Data to examine:
************

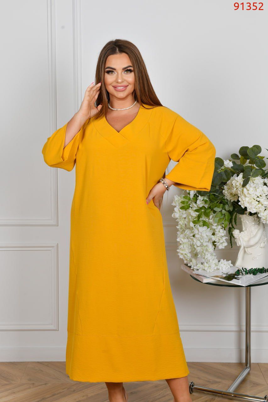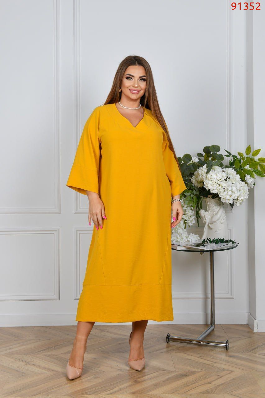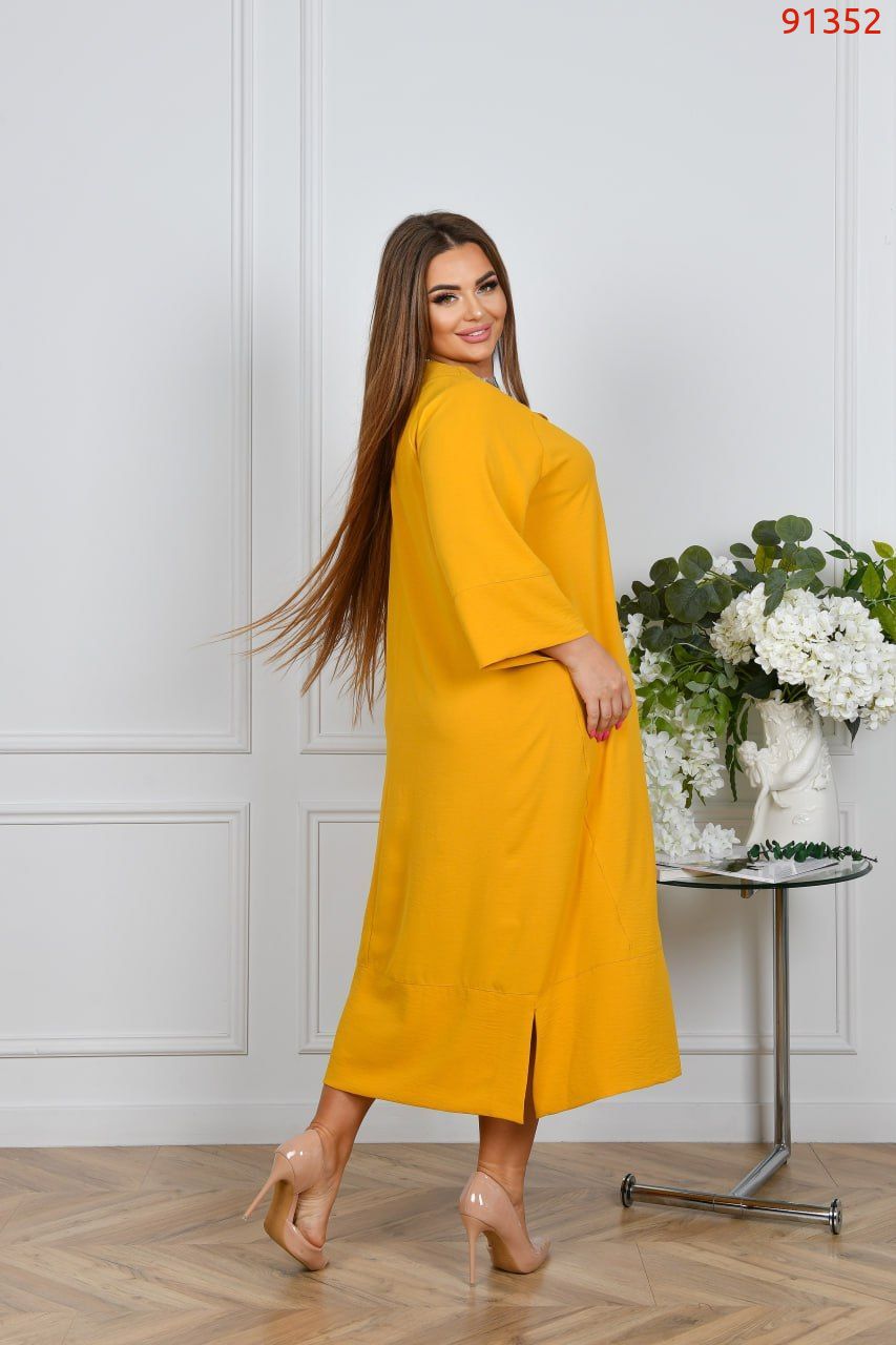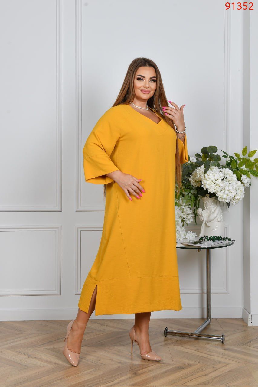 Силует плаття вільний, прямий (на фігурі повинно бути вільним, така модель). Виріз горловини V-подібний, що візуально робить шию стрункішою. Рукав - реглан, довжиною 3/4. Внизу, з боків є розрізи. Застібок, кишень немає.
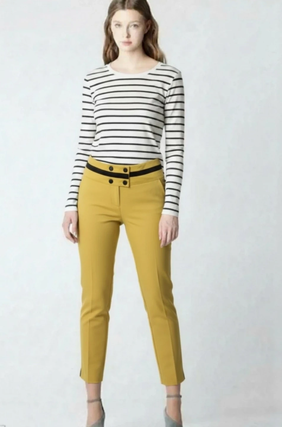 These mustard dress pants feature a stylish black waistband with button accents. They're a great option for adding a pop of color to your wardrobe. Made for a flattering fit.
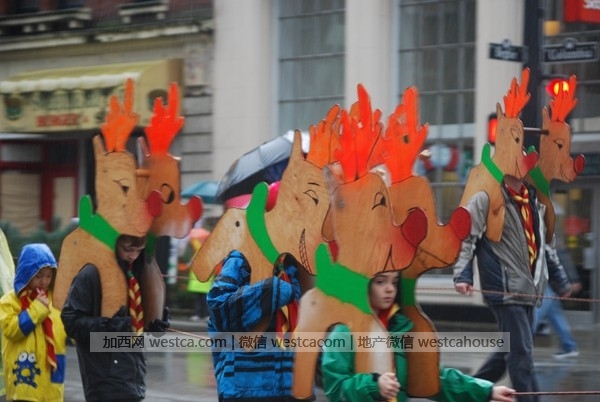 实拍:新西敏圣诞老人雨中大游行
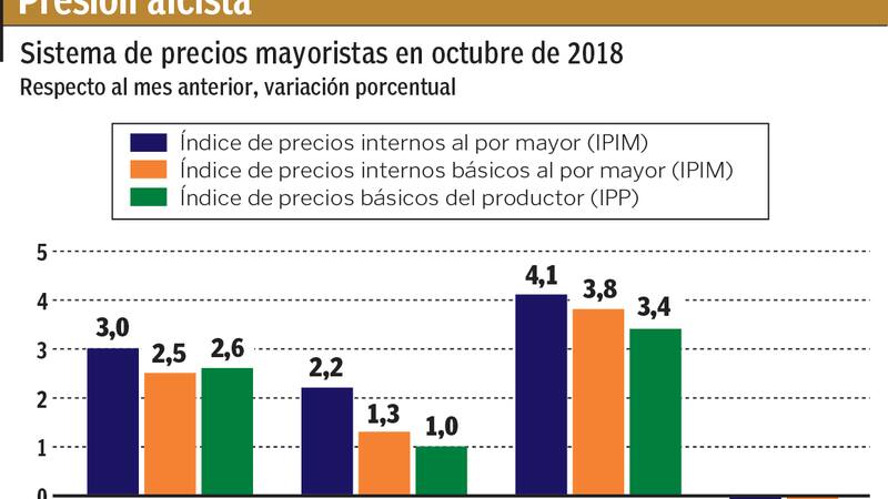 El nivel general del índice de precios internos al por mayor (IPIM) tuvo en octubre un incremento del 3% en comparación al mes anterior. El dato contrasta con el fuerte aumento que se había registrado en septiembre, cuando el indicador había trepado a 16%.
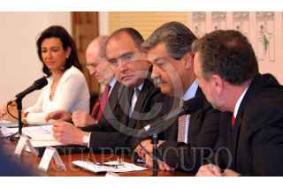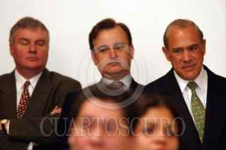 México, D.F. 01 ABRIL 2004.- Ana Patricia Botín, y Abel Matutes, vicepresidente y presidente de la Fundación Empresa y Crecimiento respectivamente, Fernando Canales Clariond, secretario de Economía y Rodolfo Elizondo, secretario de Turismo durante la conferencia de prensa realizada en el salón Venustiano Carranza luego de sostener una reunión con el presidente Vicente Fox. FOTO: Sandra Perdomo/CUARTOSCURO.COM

************

What you have to do:
Your answer is an exact copy of the records above, stripped of pictures.

Result of this exercise:
 Силует плаття вільний, прямий (на фігурі повинно бути вільним, така модель). Виріз горловини V-подібний, що візуально робить шию стрункішою. Рукав - реглан, довжиною 3/4. Внизу, з боків є розрізи. Застібок, кишень немає.
 These mustard dress pants feature a stylish black waistband with button accents. They're a great option for adding a pop of color to your wardrobe. Made for a flattering fit.
 实拍:新西敏圣诞老人雨中大游行
 El nivel general del índice de precios internos al por mayor (IPIM) tuvo en octubre un incremento del 3% en comparación al mes anterior. El dato contrasta con el fuerte aumento que se había registrado en septiembre, cuando el indicador había trepado a 16%.
 México, D.F. 01 ABRIL 2004.- Ana Patricia Botín, y Abel Matutes, vicepresidente y presidente de la Fundación Empresa y Crecimiento respectivamente, Fernando Canales Clariond, secretario de Economía y Rodolfo Elizondo, secretario de Turismo durante la conferencia de prensa realizada en el salón Venustiano Carranza luego de sostener una reunión con el presidente Vicente Fox. FOTO: Sandra Perdomo/CUARTOSCURO.COM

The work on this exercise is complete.